No matter what form the idea takes, it takes its form not on its own accord, but in accordance with a myriad of external factors, over some of which a person has no control. As such, no one’s idea of success can rightly be called one’s own. As a result, firm belief in “success” requires a person to sacrifice his or her own freedom in exchange for the opinion of another person or several others.

When a person believes that success is not absolute, he or she may stop pursuing it. In fact, in seeing success as relative, a person gains power over the concept. While under the illusion that success is absolute, one feels unable to grant a successful opinion to oneself; however, when a person understands that success is relative, he may grant himself the opinion at will.

Anyone can be successful.

Counterargument.
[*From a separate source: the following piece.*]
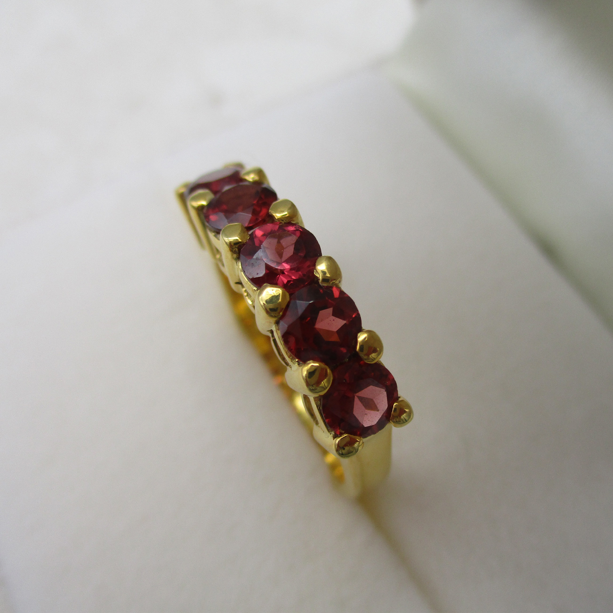 Our Feel Good ring, is a gemstone ring you will have great joy of wearing in years to come. Available in two stunning versions: red garnet and white topaz. This design is made of sterling silver 925 with a 0.8 micron gold plating Authenticity Certification is provided

If a person believes that success is relative, does not the concept lose its meaning? If anyone can be successful, how can success remain a significant mark of distinction?

If a person understands that success is relative, then the concept of success loses its meaning as an absolute standard by which to judge and be judged. In this way, a relative concept of success cannot provide a meaningful mark of distinction. All success is relative, by this definition. However, this does not prevent individuals from holding views about success. Nor does it prevent them from recognizing their idea of success in others, to greater or lesser degrees.

The ability to recognize one’s idea of success in another, and thereby mark that other as a successful individual, does not in itself represent an increase in freedom. Unless individuals understand the origins of their ideas of success, they will be controlled by their ideas insofar as they evaluate others’ attributes in relation to an illusory “absolute.” Just as they may have given up their freedom in evaluating themselves against an idea of success, they give up still more freedom in evaluating others against the same idea.

While relative concepts of success cannot serve to distinguish among individuals, one may easily determine whether one meets one’s own idea of success. Conformity to one’s own idea of success may be seen as a mark of distinction: authenticity is the word. However, authenticity itself cannot serve as an absolute measure of success, as it, too, is a value determined by myriad factors beyond one’s control. In fact, when a person recognizes that one’s idea of success is determined by such factors, success itself becomes absurd; after all, the only force that remains to guide an individual’s action is the will, which knows no principles.